Graphic Studio Gallery, off Cope Street, Temple Bar, Dublin. Until April 6th (graphicstudiodublin.com)

You may have seen the National Gallery of Ireland’s excellent exhibition on Irish painter-etchers from 1880-1930 (if not you should). This companion piece, chosen by that show’s curators, Dr Angela Griffith and Anne Hodge, highlights work by 16 contemporary printmakers who have taken up etching within the last five years.

Clare Langan

The Dock, St George’s Terrace, Carrick-on-Shannon, Co Leitrim. Until May 11th

Neva Elliot (artist and manager of Crash Ensemble) curates a show displaying Langan’s A Film Trilogy, plus the Irish premiere of The Winter of 13 Storms. Langan envisages aspects of our world post-environmental catastrophe in slow meditations on landscape – from utterly alien to worryingly familiar – in films that are, equally, soundscapes. She has worked with many interesting contemporary composers and musicians.

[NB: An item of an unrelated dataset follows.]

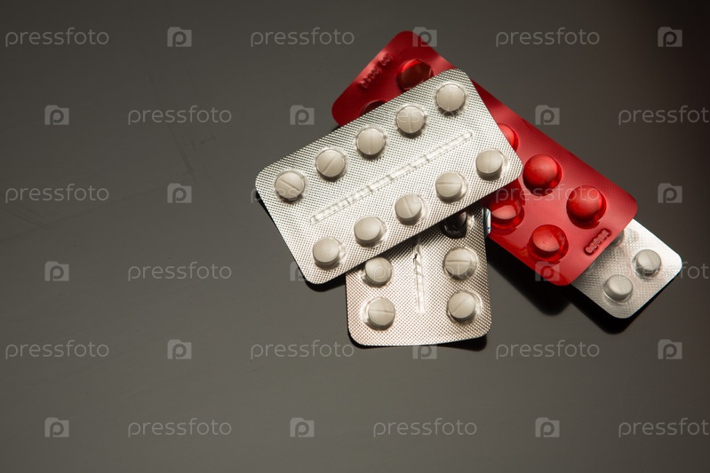 Различные лекарства. Таблетки, пилюли в блистерной упаковке. Лекарства, лекарства, плоская планировка, накладные расходы

The Last Great Album of the Decade

Anne Maree Barry, Declan Clarke, Alan Phelan, Clíodhna Timony and The Brian McMahon Archive (Brand New Retro). The LAB Gallery, Foley Street, Dublin. Until May 12th dublincityartsoffice.ie

There’s a wistful, elegiac note to the title of curators Pádraic E Moore and Sheena Barrett’s show “celebrating the musical relics and souvenirs of the subculture”, put together in association with MusicTown. It includes items covering ’90s gigsand Dublin raves, and goes from zines to photography. Plus associated events at the Music Library in the Ilac centre.